This is a new generation of solar technology. The secret is to be able to make a solar power module work about 1,500 times harder than typical solar panels. If you can do this at high efficiency using low-cost materials, you have the recipe for an infinite supply of clean energy at an affordable price. This new power station will demonstrate these principles and produce the most affordable solar energy yet generated.
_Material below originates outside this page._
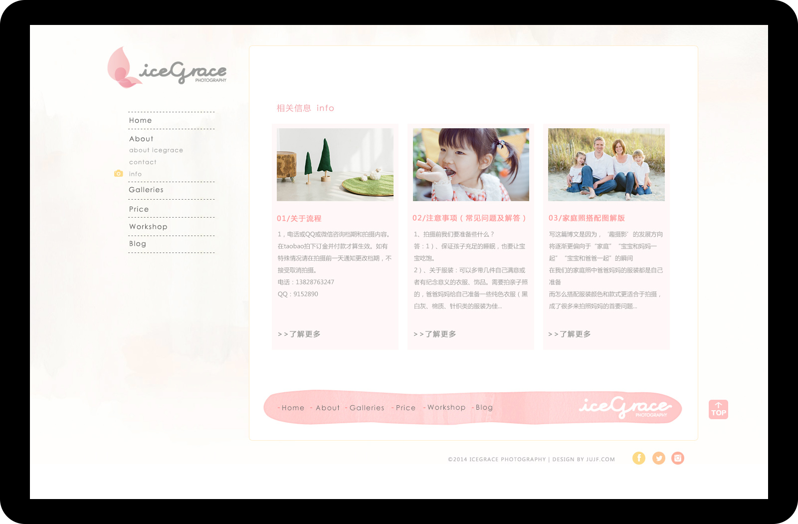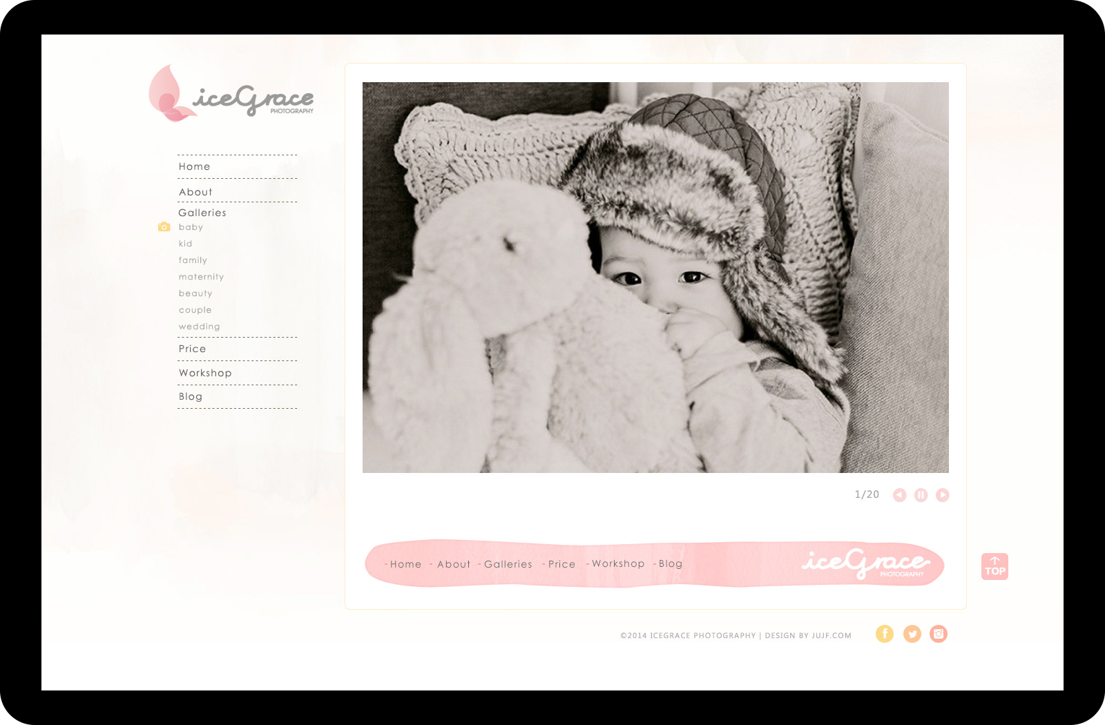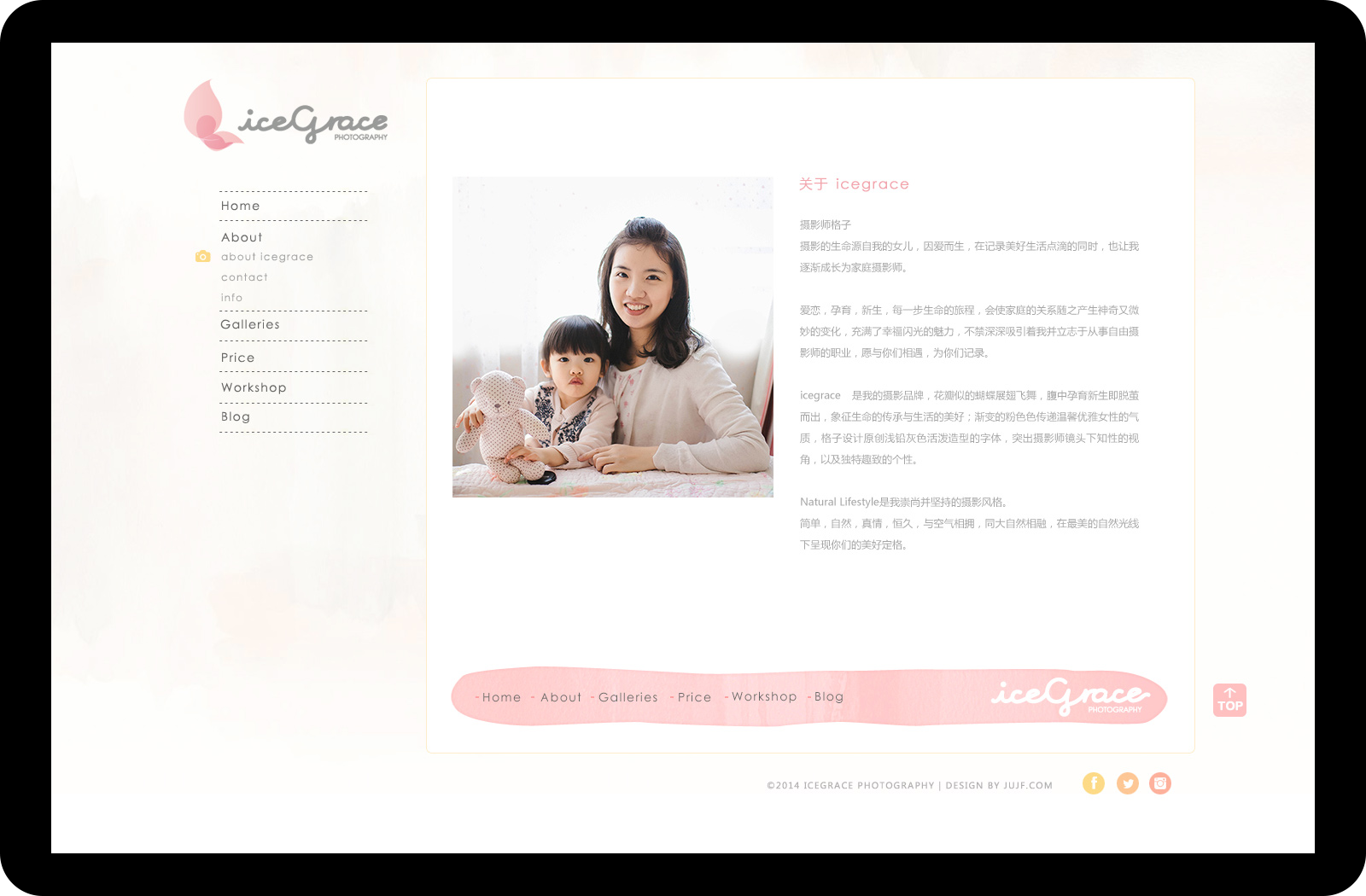 icegrace 是我的摄影品牌,花瓣似的蝴蝶展翅飞舞,腹中孕育新生即将脱茧而出,象征生命的传承与生活的美好;渐变的粉色传递温馨优雅女性的气质,格子设计原创浅铅灰色活泼造型的字体,突出摄影师镜头下知性的视角,以及独特趣致的个性。

—John Lasich, Solar System Technical Director

The technical outcomes of the joint work were demonstrated in April when Solar Systems upgraded one of its CS500 dishes at a power station it operates in Hermannsburg (central Australia) from approximately 24kW to 35kW simply by replacing the existing silicon PV modules with the new MJ cell based modules. The process took only 2 hours and the output of the system increased by more than 50%.

The Australian Treasurer Peter Costello announced a A$75 million grant to the project under the Federal Government’s Low Emissions Technology Demonstration Fund (LETDF). Solar Systems was one of more than 30 companies that bid for $500 million under the LETDF program, which aims to foster competitive technology that will significantly reduce greenhouse gas emissions.
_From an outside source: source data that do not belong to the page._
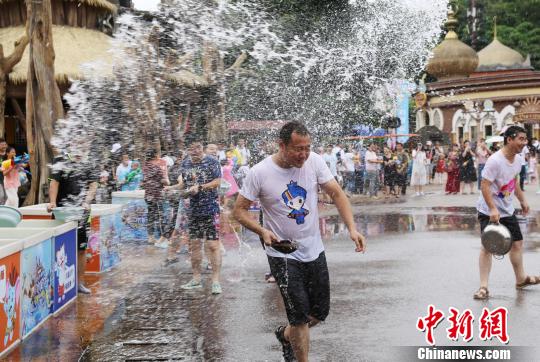 圖為游客們手持水槍、水盆等道具展開“激戰(zhàn)”。 鐘欣 攝
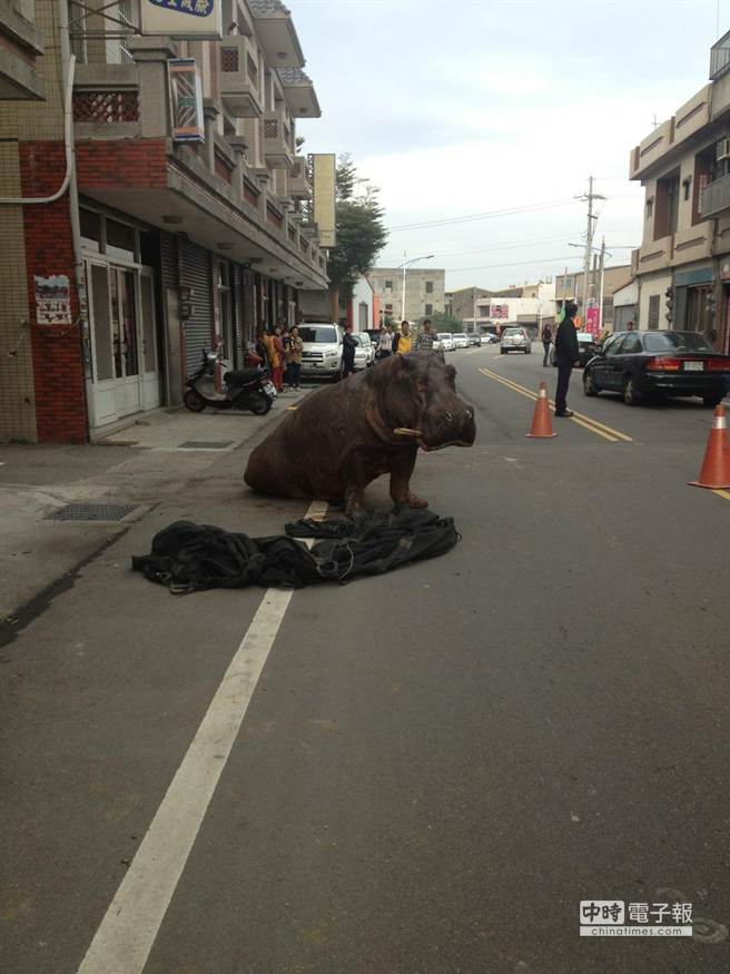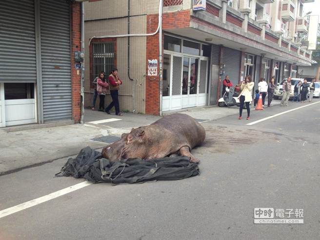 “马路上有河马!”苗栗县苑里镇山柑里下午有一只河马从货车上掉落,河马受伤倒在地上,一度挣扎爬起,引起围观民众惊呼。
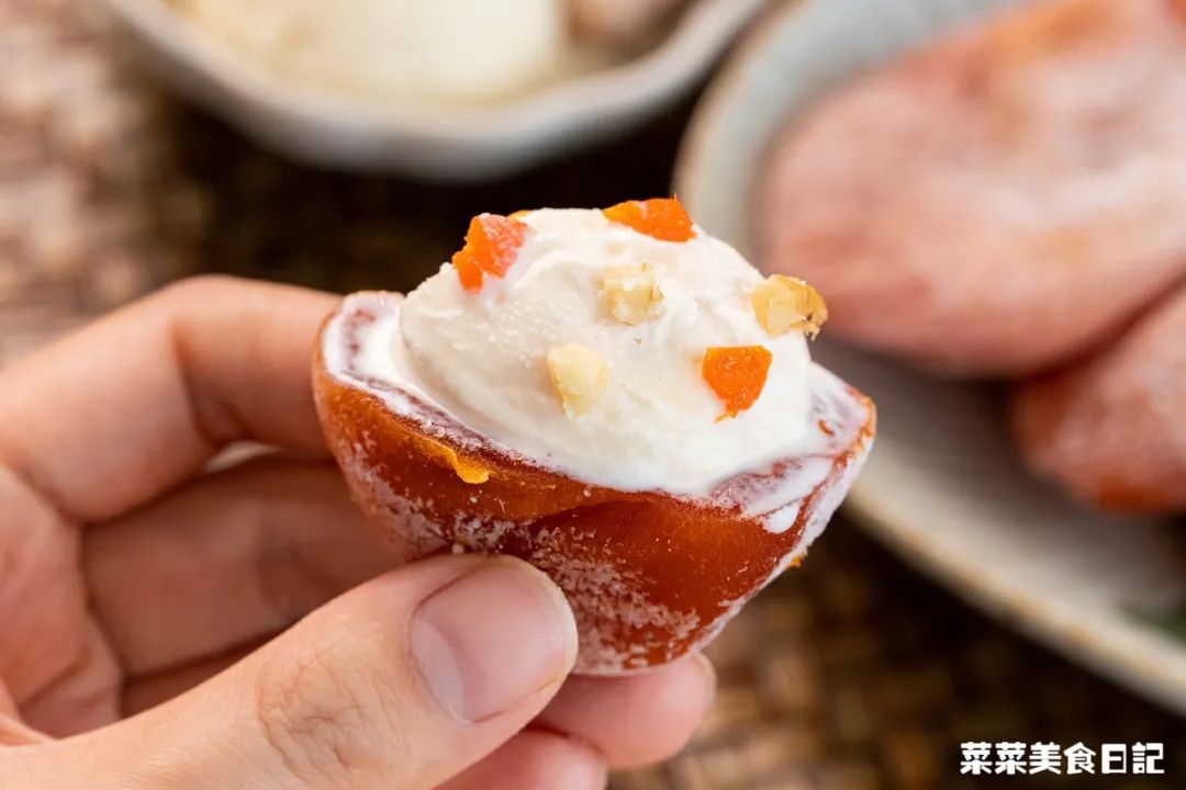 02柿饼冰淇淋 柿饼去蒂,用勺子撑开内心;填满冰淇淋(以芒果/菠萝等酸果味为佳 ),入口沁凉柔腻,满口柿子香甜。
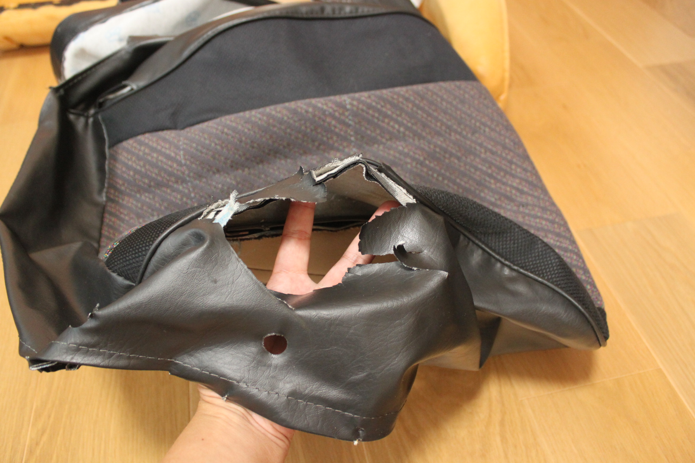 もともと破れてて、穴が開いてるココ。
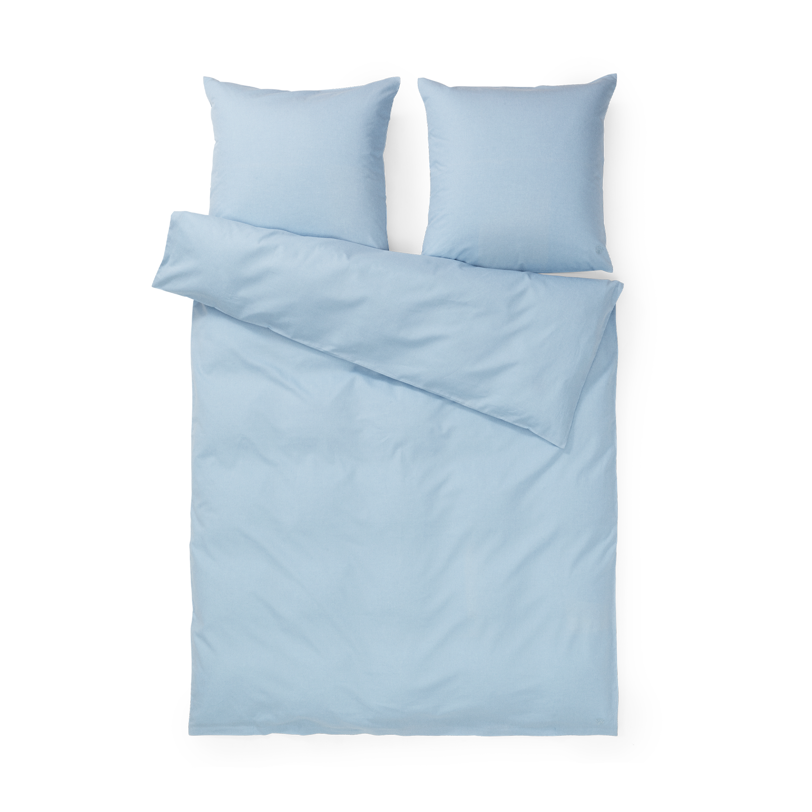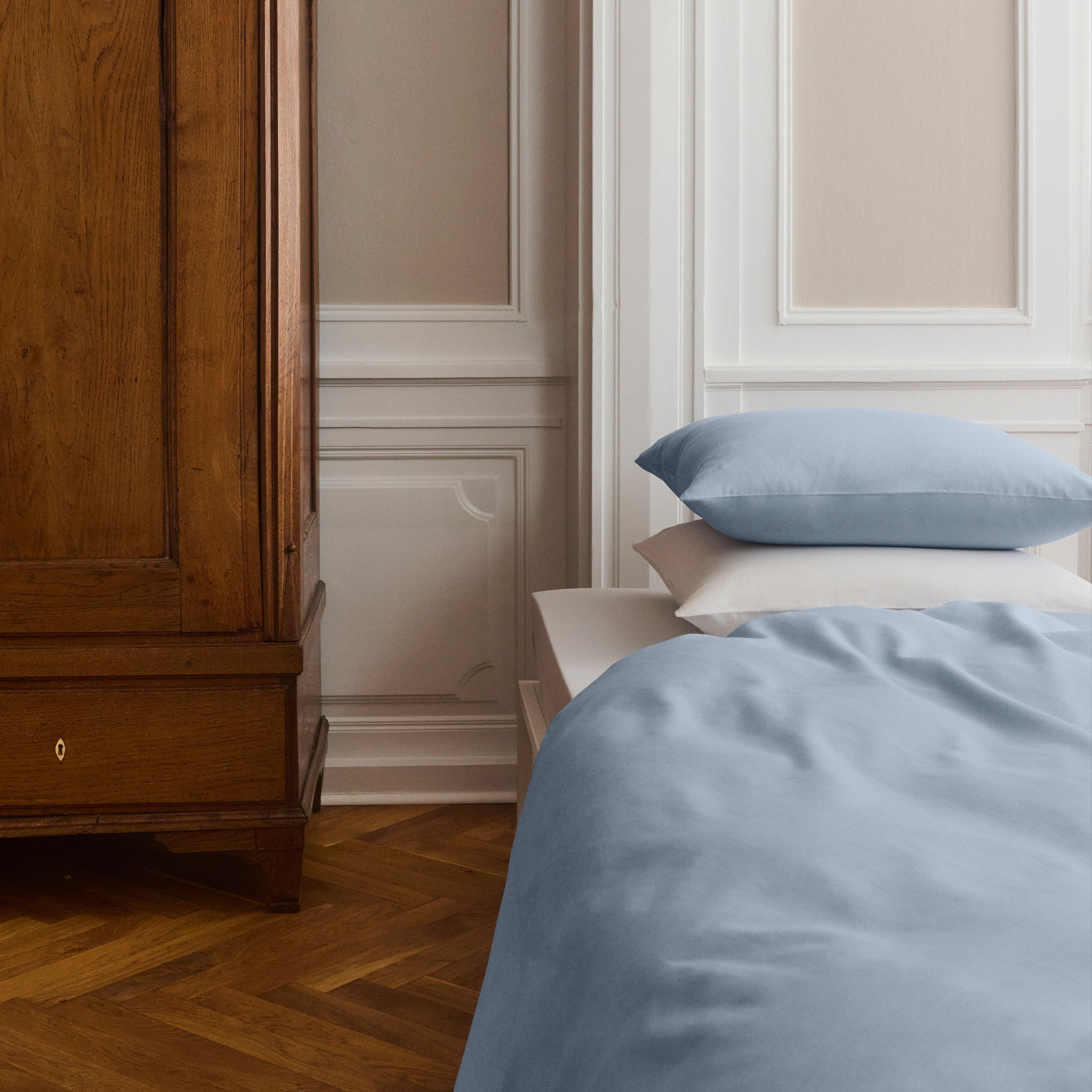 Het Even-beddengoed is linnenbinding geweven van linnen en katoen om de bijzondere eigenschappen van beide materialen te combineren. De natuurlijke textuur van linnen gecombineerd met de zachtheid en vormvastheid van katoen. Samen geeft dit een mooi, mat en zacht oppervlak – en ademend en duurzaam beddengoed. De kleur Blue Haze is een lichte, vergrijsde tint blauw.

The Victorian Premier Steve Bracks announced that the Victorian Government will also support the project with a grant of $50 million.

Solar Systems will build the power station across a number of different sites, and has formed a new company—Solar Systems Generation Pty Ltd—to construct the station.

The Victorian project is the first phase of a plan to deploy more than 1,000 MWs across Australia, China and the United States in a A$2.5-billion project under the Asia-Pacific Partnership on Clean Development and Climate.

(A hat-tip to Rafael Seidl!)



San Diego Gas and Electric wants to put 300 megawatts of Stirling dishes out in the desert and run high voltage lines through a park. They could put acre plots of CPV around San Diego County and get power without the lines through the park.

Rafael Seidl


very interesting, that is a very large scale project for solar power. Practical stirling engines can achieve efficiences comparable to diesels, albeit at a much higher purchase price.

Having solid-state PV/TPV and stirling technology compete for large-scale projects should spur innovation and sharply reduce cost per kWh.


SDG&E wants the transmission lines through the park because that is the cheapest route. They want the lines to bring nuke power from Palo Verde on the AZ border. The solar part is just an excuse. They have no intention of building the program.


Guys there was a solar chimney in france that was a scaled down version of environmission. I functioned for years. I proved that the concept works.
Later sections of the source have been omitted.